→ **What you have to do**:
Only the lines below from the one containing "Case: Excellent case" to the one containing "Женский одинарный шарф" should be repeated, both included and unchanged.

→ **Supplied material**:
########

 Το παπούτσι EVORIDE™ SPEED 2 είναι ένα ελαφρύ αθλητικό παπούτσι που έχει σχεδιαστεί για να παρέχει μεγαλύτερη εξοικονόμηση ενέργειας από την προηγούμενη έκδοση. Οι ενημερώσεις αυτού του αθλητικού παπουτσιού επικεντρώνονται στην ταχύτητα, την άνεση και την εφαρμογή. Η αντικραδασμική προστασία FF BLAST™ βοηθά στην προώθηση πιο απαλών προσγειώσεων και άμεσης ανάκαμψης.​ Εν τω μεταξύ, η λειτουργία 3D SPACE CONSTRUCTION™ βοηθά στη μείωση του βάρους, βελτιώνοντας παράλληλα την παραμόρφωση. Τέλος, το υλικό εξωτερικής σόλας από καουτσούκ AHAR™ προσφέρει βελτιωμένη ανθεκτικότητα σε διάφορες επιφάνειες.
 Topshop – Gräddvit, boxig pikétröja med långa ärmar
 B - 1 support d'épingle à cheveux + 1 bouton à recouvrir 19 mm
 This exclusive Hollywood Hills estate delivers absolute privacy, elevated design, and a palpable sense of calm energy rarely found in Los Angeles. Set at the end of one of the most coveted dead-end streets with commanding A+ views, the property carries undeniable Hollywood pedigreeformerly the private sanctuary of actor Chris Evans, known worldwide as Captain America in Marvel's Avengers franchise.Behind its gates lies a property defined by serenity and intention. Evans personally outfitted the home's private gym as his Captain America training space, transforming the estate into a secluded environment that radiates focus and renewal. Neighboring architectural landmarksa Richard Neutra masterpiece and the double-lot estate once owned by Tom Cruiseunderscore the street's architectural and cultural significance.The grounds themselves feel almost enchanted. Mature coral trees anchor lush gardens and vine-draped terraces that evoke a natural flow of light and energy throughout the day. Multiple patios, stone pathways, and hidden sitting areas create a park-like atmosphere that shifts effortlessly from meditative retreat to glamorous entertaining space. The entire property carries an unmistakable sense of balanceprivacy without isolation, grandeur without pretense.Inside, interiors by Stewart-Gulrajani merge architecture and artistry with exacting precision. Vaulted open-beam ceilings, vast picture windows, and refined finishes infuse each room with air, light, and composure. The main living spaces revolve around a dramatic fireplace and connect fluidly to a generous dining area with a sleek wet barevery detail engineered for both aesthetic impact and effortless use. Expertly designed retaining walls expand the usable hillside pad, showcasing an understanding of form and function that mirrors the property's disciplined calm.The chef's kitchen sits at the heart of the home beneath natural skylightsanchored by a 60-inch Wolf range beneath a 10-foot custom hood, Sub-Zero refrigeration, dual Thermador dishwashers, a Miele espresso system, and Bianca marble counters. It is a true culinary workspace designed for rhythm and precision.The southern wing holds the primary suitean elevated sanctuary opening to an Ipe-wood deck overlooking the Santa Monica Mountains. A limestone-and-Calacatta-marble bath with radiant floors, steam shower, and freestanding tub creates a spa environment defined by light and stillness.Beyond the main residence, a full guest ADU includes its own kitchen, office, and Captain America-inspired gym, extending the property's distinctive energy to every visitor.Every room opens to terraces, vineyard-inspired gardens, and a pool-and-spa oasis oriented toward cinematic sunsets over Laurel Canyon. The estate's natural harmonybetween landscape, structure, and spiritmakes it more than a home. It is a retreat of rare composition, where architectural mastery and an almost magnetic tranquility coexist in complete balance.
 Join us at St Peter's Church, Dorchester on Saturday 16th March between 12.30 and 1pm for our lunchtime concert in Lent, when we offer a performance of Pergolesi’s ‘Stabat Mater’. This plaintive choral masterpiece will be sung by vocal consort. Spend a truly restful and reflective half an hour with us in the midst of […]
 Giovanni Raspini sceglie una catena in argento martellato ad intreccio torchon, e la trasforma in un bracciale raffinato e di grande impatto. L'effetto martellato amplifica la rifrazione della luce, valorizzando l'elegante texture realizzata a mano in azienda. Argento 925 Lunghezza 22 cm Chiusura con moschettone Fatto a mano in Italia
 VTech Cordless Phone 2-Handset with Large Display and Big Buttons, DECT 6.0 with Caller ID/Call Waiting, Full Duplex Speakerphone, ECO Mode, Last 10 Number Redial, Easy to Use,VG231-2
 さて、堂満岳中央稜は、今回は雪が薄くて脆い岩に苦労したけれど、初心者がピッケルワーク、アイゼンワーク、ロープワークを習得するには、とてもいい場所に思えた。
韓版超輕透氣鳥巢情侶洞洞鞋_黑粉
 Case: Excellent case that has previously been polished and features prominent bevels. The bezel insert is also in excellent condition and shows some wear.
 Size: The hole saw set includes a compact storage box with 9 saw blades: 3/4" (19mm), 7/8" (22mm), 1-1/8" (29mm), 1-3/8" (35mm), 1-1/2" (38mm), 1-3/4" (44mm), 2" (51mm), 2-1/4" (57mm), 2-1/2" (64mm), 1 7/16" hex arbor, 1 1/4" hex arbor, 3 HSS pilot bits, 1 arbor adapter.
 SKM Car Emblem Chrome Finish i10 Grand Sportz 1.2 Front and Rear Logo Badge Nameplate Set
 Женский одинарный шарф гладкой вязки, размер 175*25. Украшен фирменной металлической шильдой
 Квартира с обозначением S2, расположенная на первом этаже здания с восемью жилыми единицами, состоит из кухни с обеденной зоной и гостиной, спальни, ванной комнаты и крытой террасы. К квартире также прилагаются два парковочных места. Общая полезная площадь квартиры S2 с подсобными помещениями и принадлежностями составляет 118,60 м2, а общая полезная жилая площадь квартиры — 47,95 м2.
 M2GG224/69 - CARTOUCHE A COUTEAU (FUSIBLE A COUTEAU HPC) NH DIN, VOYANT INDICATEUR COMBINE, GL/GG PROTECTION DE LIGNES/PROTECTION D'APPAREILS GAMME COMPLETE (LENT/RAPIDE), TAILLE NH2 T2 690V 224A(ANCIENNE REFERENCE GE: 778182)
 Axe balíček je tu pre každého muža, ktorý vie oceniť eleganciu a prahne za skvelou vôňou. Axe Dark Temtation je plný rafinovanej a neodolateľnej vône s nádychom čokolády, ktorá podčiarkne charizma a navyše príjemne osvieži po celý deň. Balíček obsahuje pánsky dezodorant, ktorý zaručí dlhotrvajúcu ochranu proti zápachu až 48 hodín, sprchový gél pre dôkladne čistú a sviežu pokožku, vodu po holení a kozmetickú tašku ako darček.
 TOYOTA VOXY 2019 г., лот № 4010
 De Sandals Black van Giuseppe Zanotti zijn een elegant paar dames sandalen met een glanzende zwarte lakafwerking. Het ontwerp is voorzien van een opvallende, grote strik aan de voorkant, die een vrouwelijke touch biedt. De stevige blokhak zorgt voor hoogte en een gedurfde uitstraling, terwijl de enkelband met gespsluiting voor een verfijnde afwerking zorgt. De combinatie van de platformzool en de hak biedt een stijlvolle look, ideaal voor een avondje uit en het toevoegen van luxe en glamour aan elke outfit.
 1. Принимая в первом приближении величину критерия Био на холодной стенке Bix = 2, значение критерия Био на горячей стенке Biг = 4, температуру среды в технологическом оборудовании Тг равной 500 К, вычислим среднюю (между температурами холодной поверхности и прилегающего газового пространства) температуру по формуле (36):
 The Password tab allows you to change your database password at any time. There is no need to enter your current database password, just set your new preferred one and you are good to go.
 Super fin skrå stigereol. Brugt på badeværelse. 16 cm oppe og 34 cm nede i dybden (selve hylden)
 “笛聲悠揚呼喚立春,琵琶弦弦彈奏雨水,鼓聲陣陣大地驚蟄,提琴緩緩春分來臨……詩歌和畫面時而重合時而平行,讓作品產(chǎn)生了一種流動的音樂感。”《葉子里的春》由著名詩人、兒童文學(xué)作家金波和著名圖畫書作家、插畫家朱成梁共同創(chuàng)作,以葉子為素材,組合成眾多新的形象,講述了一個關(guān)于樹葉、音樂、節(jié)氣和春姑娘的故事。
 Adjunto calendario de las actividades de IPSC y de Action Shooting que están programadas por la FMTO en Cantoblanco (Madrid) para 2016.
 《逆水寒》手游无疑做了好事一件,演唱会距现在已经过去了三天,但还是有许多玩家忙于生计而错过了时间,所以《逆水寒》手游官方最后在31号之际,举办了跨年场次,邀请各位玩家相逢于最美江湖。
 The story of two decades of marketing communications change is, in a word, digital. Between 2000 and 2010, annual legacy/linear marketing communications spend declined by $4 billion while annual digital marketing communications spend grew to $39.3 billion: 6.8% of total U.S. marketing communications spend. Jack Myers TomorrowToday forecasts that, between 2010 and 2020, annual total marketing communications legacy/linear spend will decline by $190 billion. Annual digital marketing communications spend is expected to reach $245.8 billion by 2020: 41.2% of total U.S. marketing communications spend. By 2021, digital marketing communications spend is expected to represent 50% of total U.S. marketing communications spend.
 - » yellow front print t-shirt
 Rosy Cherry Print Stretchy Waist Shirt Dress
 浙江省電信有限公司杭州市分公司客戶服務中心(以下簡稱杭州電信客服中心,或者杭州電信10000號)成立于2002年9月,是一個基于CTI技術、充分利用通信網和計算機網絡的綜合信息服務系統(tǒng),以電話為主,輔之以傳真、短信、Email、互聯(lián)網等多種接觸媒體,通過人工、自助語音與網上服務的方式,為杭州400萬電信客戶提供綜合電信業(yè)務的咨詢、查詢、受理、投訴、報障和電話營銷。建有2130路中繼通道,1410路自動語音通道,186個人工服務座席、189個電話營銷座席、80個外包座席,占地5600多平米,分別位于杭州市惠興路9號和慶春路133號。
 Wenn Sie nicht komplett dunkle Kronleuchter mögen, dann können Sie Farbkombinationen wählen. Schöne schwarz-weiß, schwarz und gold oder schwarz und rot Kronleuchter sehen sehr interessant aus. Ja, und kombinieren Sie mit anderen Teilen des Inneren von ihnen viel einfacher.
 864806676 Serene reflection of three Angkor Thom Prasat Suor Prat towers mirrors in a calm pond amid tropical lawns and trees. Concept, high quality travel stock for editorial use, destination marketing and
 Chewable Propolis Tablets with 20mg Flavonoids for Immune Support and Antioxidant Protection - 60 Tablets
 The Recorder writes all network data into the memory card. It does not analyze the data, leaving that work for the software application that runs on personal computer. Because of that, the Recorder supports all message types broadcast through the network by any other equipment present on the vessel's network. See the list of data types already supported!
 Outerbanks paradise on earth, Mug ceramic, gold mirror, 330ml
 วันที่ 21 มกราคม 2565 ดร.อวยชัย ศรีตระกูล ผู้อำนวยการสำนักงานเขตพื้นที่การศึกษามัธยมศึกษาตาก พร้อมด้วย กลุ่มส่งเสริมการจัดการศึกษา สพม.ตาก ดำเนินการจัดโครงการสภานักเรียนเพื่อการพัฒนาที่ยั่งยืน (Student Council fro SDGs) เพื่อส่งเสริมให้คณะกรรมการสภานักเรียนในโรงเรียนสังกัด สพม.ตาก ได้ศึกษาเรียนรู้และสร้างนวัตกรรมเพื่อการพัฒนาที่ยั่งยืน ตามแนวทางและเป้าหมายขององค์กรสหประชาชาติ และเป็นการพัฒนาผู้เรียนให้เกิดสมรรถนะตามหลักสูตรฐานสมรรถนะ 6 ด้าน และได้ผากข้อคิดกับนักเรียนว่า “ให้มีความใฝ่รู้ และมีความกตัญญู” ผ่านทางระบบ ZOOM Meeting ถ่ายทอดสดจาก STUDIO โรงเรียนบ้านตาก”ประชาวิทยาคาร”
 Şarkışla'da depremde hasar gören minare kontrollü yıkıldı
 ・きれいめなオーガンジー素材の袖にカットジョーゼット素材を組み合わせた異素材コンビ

########

→ **Task answer**:
 Case: Excellent case that has previously been polished and features prominent bevels. The bezel insert is also in excellent condition and shows some wear.
 Size: The hole saw set includes a compact storage box with 9 saw blades: 3/4" (19mm), 7/8" (22mm), 1-1/8" (29mm), 1-3/8" (35mm), 1-1/2" (38mm), 1-3/4" (44mm), 2" (51mm), 2-1/4" (57mm), 2-1/2" (64mm), 1 7/16" hex arbor, 1 1/4" hex arbor, 3 HSS pilot bits, 1 arbor adapter.
 SKM Car Emblem Chrome Finish i10 Grand Sportz 1.2 Front and Rear Logo Badge Nameplate Set
 Женский одинарный шарф гладкой вязки, размер 175*25. Украшен фирменной металлической шильдой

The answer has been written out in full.